# Monroe deer



## oldguysrule (Sep 18, 2016)

After spending 4 days down on the Monroe looking for deer for the muzzleloader hunt and finding very few I am very skeptical of the amount of deer the fish and game are saying that are there. Being on the opening morning of the le elk hunt and not finding any elk hunters has really got me trying to find more information out about this unit. If anyone has any to share I sure would like to talk to them as I have 22 points for elk and still cant draw done there. And did not see an elk the whole time I was there. It really has me worried.:sad:


----------



## MuscleWhitefish (Jan 13, 2015)

oldguysrule said:


> After spending 4 days down on the Monroe looking for deer for the muzzleloader hunt and finding very few I am very skeptical of the amount of deer the fish and game are saying that are there.

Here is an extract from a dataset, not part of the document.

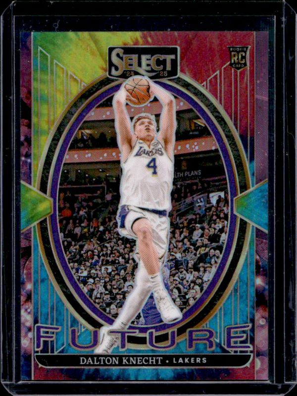 The Dalton Knecht 2024 Select #25 Select Future Tie-Dye /25 Rookie card is 1 of 353 Dalton Knecht's card variations in the 2024 Select set being tracked by Sports Card Investor, including Concourse, Courtside, Mezzanine, Premier Level, and Concourse Blue Cracked Ice.

Being on the opening morning of the le elk hunt and not finding any elk hunters has really got me trying to find more information out about this unit. If anyone has any to share I sure would like to talk to them as I have 22 points for elk and still cant draw done there. And did not see an elk the whole time I was there. It really has me worried.:sad:


Did you find water or look at water sources?

That unit is a road hunters paradise and if you drive around long enough you will bump something.

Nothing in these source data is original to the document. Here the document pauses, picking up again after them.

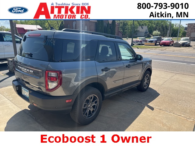 Aitkin Motor Company is proud to offer this wonderful 2021 Ford Bronco Sport Big Bend in Gray, beautifully equipped with Big Bend Package (96B) (Heated Front Bucket Seats, Leather-Wrapped Steering Wheel, Reverse Sensing System, and Wireless Charging Pad), Equipment Group 200A, 3.80 Axle Ratio, 4-Wheel Disc Brakes, 6 Speakers, ABS brakes, Air Conditioning, Alloy wheels, AM/FM radio: SiriusXM, AM/FM Stereo, Auto High-beam Headlights, Automatic temperature control, Brake assist, Compass, Delay-off headlights, Driver door bin, Driver vanity mirror, Dual front impact airbags, Dual front side impact airbags, Electronic Stability Control, Emergency communication system: SYNC 3 911 Assist, Engine Block Heater, Exterior Parking Camera Rear, Four wheel independent suspension, Front & Rear Floor Liners, Front anti-roll bar, Front Bucket Seats, Front Center Armrest, Front fog lights, Front License Plate Bracket, Front reading lights, Fully automatic headlights, Heated door mirrors, Illuminated entry, Knee airbag, Low tire pressure warning, Occupant sensing airbag, Outside temperature display, Overhead airbag, Overhead console, Panic alarm, Passenger door bin, Passenger vanity mirror, Power door mirrors, Power steering, Power windows, Radio data system, Rear anti-roll bar, Rear reading lights, Rear seat center armrest, Rear window defroster, Rear window wiper, Remote keyless entry, Roof rack: rails only, Security system, SiriusXM Radio, Speed control, Speed-sensing steering, Speed-Sensitive Wipers, Split folding rear seat, Steering wheel mounted audio controls, SYNC 3 Communications & Entertainment System, SYNC 3/Apple CarPlay/Android Auto, Tachometer, Telescoping steering wheel, Tilt steering wheel, Traction control, Trip computer, Unique Cloth Front Bucket Seats, Variably intermittent wipers, and Wheels: 17'' Carbonized Gray-Painted Aluminum!
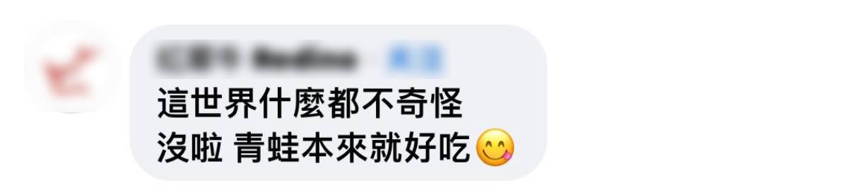 However, some commenters pointed out that although frog dishes are seen as normal in Taiwan, the way the frog is prepared in the ramen dish is unappetising: "I like eating 'field chicken' but I do not dare to eat when the frog is like this [unpeeled and uncut]."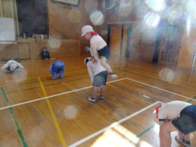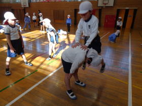 | 2026.3.9 馬とび 暖房により温かくなった体育館で2年生が体育をしていました。馬跳びをしています。馬跳びは、一人がかがんで「馬」となり、もう一人がその上を開脚しながら跳び越える遊びです。最初は低くかがんでまたいでいる子が多かったのですが、だんだんと「馬」が安定し、リズムよくとびこえる子が増えていきました。 |

I would have zero thought trying to draw that unit with the points that you have. Elk suck to pack out and having roads near by is always a plus when packing one out.


----------



## #1DEER 1-I (Sep 10, 2007)

There are no deer and there are no elk, I would move onto a different unit


----------



## Critter (Mar 20, 2010)

I agree all the elk and deer have moved over to the Plateau or Dutton.


----------



## #1DEER 1-I (Sep 10, 2007)

Critter said:


> I agree all the elk and deer have moved over to the Plateau or Dutton.

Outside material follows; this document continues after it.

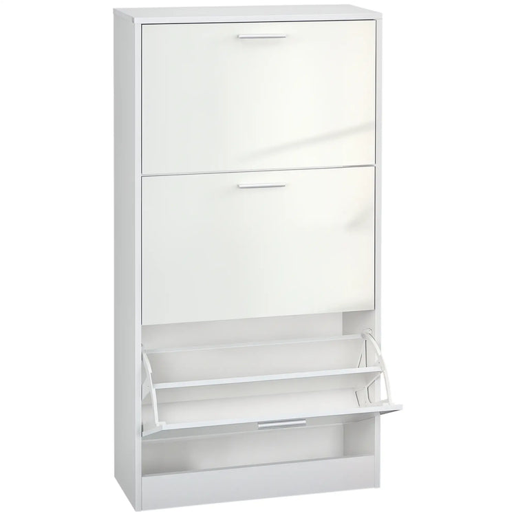 Slim Shoe Storage, 3 Flip Drawers, Adjustable Shelves, 15 Pair, High Gloss, White

I agree head to the Dutton....it's about the exact opposite of the Monroe, it's no road hunters paradise.

On a serious note, Monroe should have some decent bulls on it in the coming years but don't expect to shoot anything giant. It used to be a much better elk unit than it was but due to exsessive b.... from local ranchers it has fewer elk on it. As for deer, there are deer on the Monroe, and you'll bump into bucks, but expect a general season buck. There are so many roads on every part of Monroe a buck has to be one of the smartest in the state to get big there. A small 3 to medium sized four is a good buck for the Monroe unit. Yes there are bigger bucks but they are few and far between. The last two years were pretty good on the Monroe unit but from what I've seen this year your assessment is t far off. It isn't as good as it has been the last two years and I have not seen near as many bucks or medium to bigger sized bucks I've seen the past few years. It hasn't been a good year for Monroe, but if you're not super picky you can get a buck.


----------



## Critter (Mar 20, 2010)

I can honestly say that I have never had any problems locating deer or elk on the Monroe. You do need to get away from the roads if you want to find them.


----------



## elkfromabove (Apr 20, 2008)

#1DEER 1-I said:


> I agree head to the Dutton....it's about the exact opposite of the Monroe, it's no road hunters paradise.
> 
> On a serious note, Monroe should have some decent bulls on it in the coming years but don't expect to shoot anything giant. It used to be a much better elk unit than it was but due to exsessive b.... from local ranchers it has fewer elk on it. As for deer, there are deer on the Monroe, and you'll bump into bucks, but expect a general season buck. There are so many roads on every part of Monroe a buck has to be one of the smartest in the state to get big there. A small 3 to medium sized four is a good buck for the Monroe unit. Yes there are bigger bucks but they are few and far between. The last two years were pretty good on the Monroe unit but from what I've seen this year your assessment is t far off. It isn't as good as it has been the last two years and I have not seen near as many bucks or medium to bigger sized bucks I've seen the past few years. It hasn't been a good year for Monroe, but if you're not super picky you can get a buck.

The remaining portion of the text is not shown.